§ **TASK BRIEF**
With pictures excluded, copy word for word the lines in the data below from the line containing "Submerged houses in" through the line containing "EXQUISITE SPACES FOR".

§ **RECORDS FOR PROCESSING**
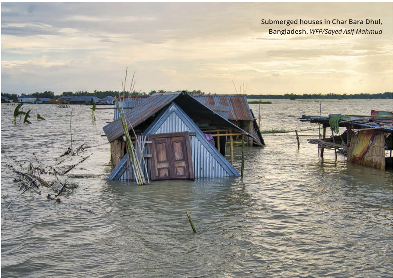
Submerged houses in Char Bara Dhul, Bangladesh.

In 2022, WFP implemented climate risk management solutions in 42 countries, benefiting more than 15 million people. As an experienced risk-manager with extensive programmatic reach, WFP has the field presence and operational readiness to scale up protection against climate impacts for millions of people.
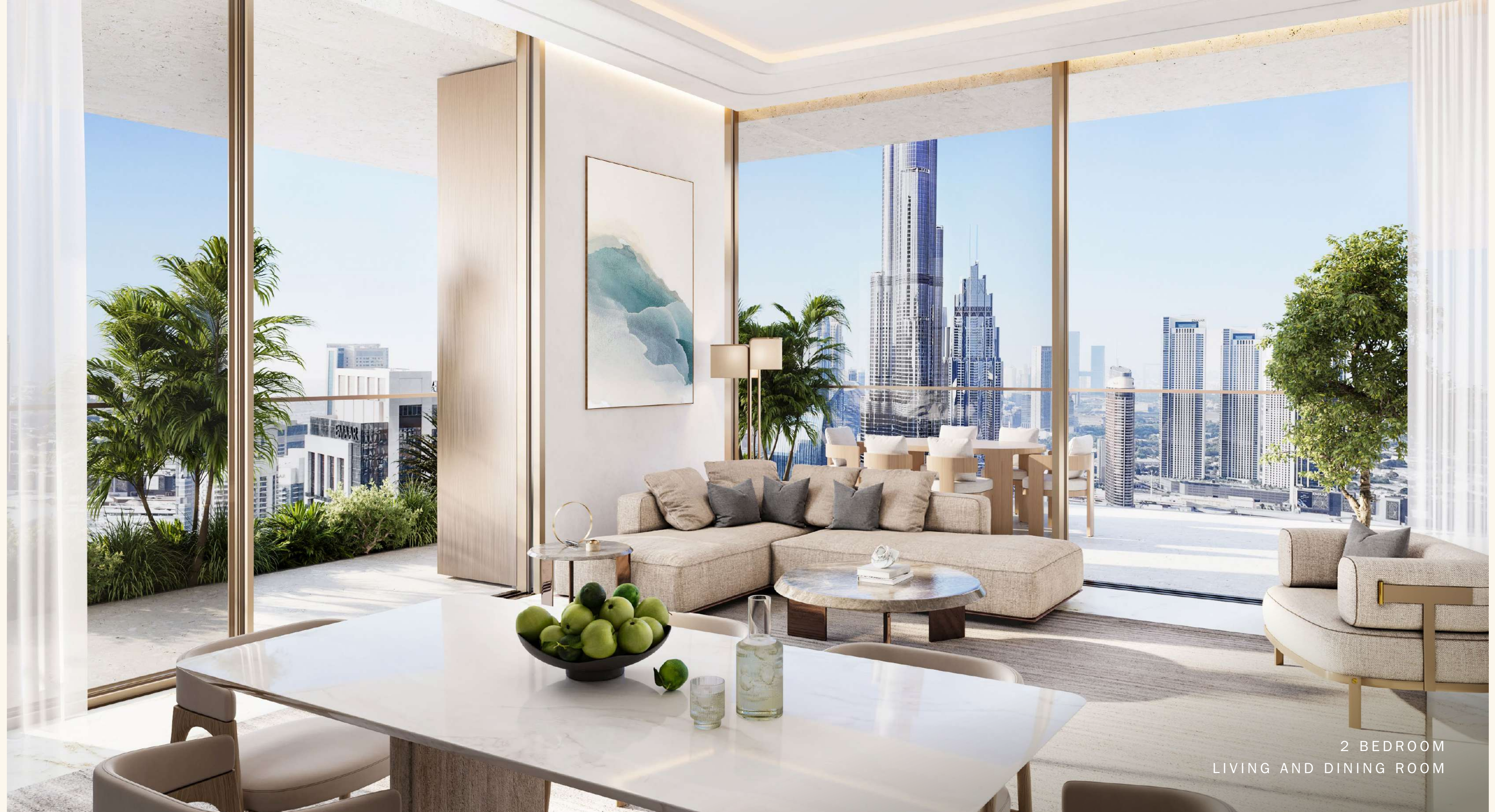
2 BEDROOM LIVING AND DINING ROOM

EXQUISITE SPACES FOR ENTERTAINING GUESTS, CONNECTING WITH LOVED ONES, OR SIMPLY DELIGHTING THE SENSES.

--

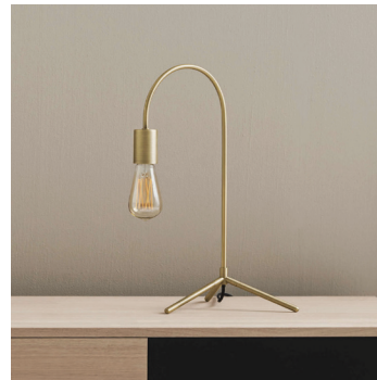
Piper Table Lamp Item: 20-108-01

§ **SOLUTION TO THIS TASK**
Submerged houses in Char Bara Dhul, Bangladesh.

In 2022, WFP implemented climate risk management solutions in 42 countries, benefiting more than 15 million people. As an experienced risk-manager with extensive programmatic reach, WFP has the field presence and operational readiness to scale up protection against climate impacts for millions of people.
2 BEDROOM LIVING AND DINING ROOM

EXQUISITE SPACES FOR ENTERTAINING GUESTS, CONNECTING WITH LOVED ONES, OR SIMPLY DELIGHTING THE SENSES.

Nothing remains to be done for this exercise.